### Task brief
In the listing below, find the line with "リサイクル品 結び帯(作り帯) 七五三" and the line with "Женщина-инструктор в спортивной", then return them and every line between them exactly, minus the pictures.

━━━ Source information ━━━

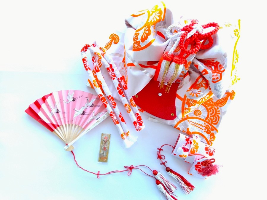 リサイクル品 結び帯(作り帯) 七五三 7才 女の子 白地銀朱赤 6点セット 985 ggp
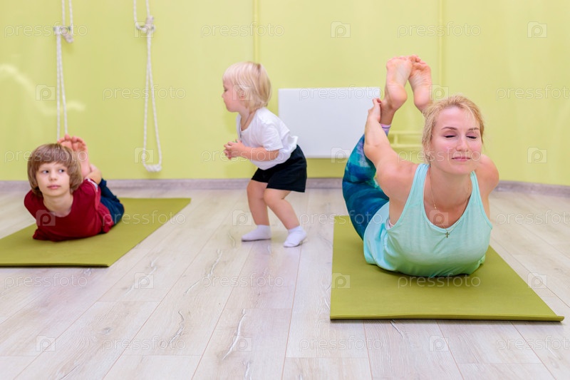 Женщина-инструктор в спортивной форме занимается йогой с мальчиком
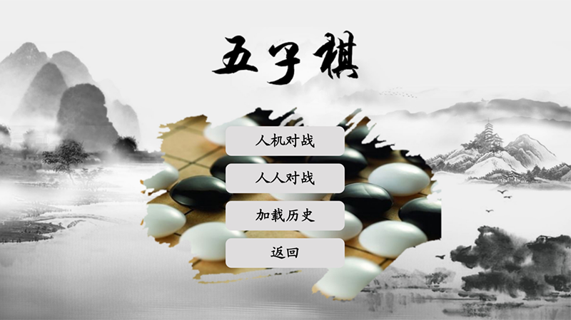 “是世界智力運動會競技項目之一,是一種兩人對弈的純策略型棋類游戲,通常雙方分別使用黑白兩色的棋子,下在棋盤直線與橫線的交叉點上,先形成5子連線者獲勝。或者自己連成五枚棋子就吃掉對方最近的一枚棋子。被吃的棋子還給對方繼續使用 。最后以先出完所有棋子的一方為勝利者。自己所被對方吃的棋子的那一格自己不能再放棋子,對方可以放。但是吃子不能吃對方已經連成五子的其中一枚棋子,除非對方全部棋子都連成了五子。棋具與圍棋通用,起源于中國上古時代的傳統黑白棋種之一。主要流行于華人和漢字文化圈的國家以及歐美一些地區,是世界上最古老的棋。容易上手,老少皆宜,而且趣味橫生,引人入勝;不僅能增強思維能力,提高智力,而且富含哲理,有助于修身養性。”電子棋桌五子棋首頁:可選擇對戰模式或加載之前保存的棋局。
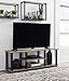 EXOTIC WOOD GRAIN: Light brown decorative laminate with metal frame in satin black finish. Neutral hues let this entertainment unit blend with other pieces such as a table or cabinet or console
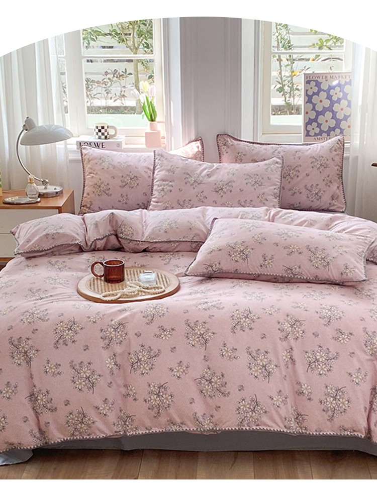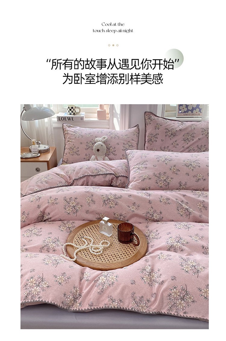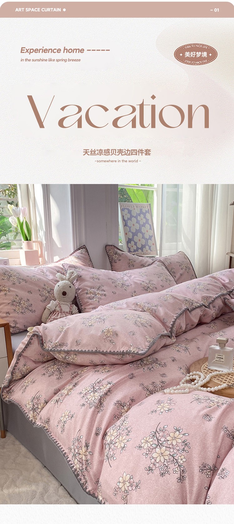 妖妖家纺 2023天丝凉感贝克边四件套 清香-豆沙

━━━
━━━ Source information ━━━

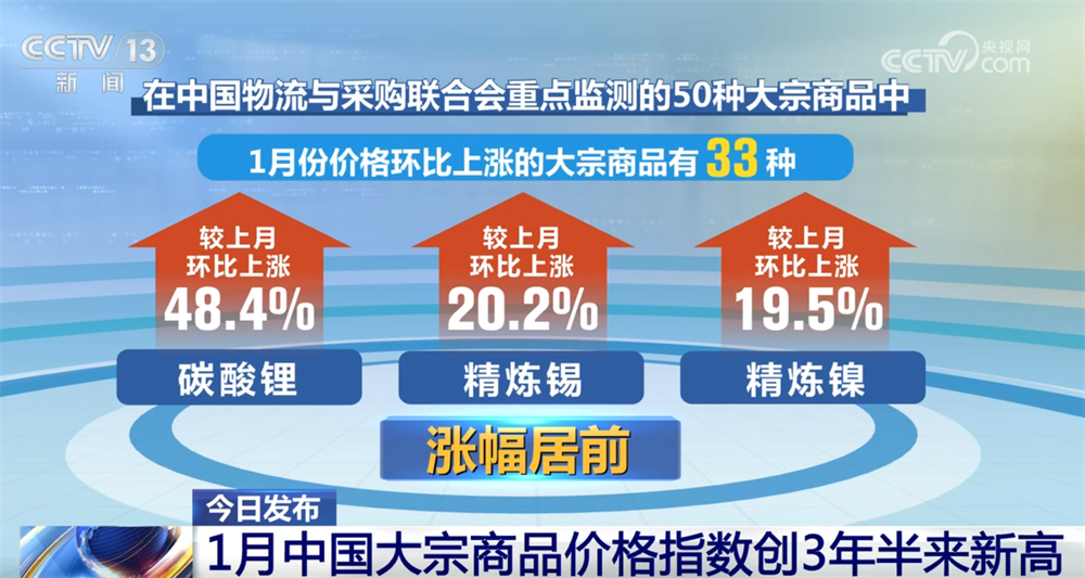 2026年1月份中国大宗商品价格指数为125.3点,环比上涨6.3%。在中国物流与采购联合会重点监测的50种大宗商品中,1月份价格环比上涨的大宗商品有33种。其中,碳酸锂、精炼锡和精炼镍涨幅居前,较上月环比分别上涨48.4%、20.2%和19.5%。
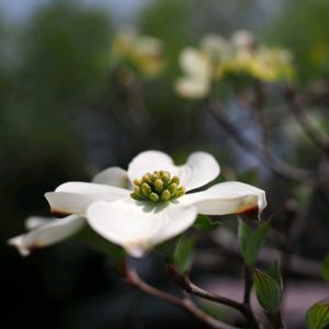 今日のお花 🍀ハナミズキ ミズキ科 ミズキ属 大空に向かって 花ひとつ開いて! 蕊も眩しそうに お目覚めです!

━━━
━━━ Source information ━━━

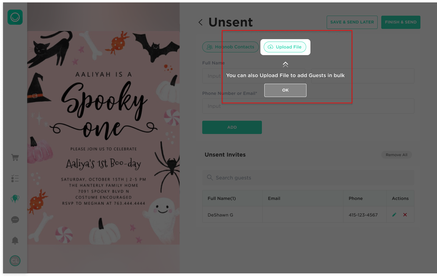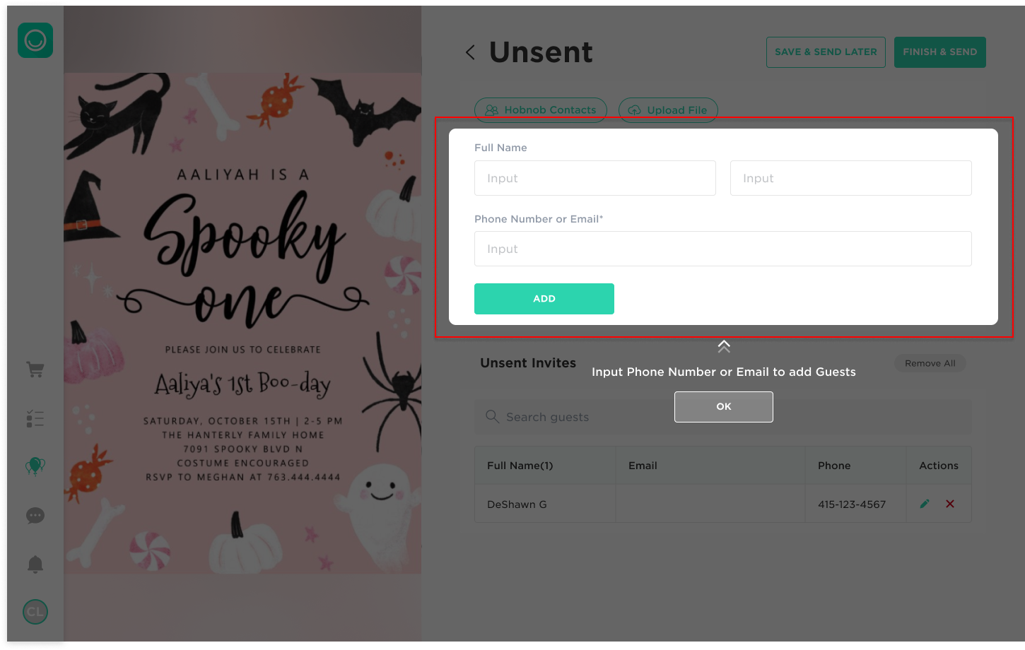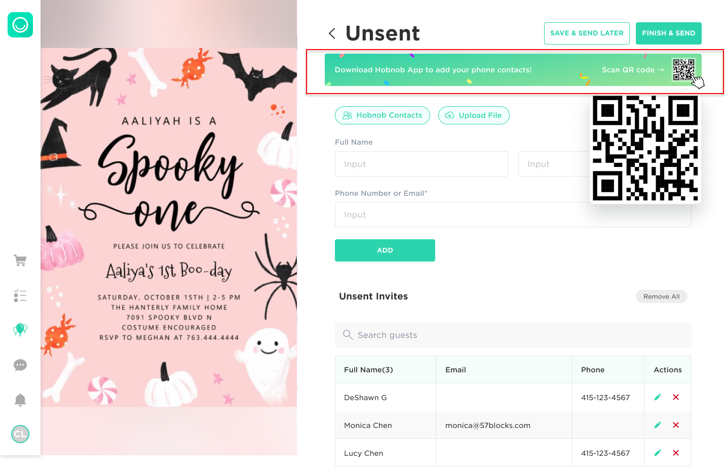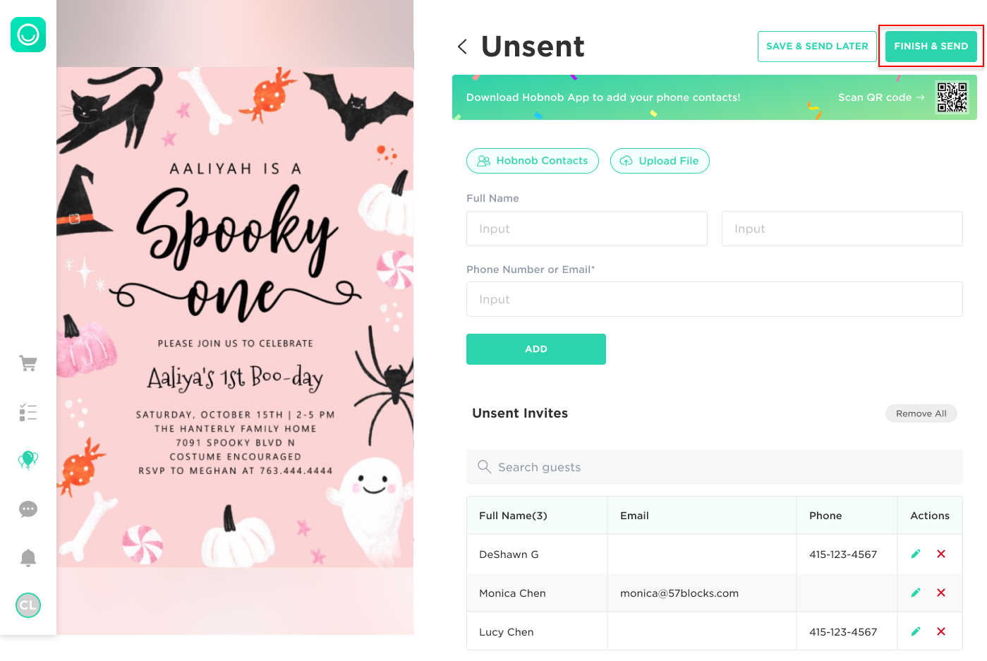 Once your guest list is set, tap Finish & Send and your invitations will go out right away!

━━━

### Reply
 リサイクル品 結び帯(作り帯) 七五三 7才 女の子 白地銀朱赤 6点セット 985 ggp
 Женщина-инструктор в спортивной форме занимается йогой с мальчиком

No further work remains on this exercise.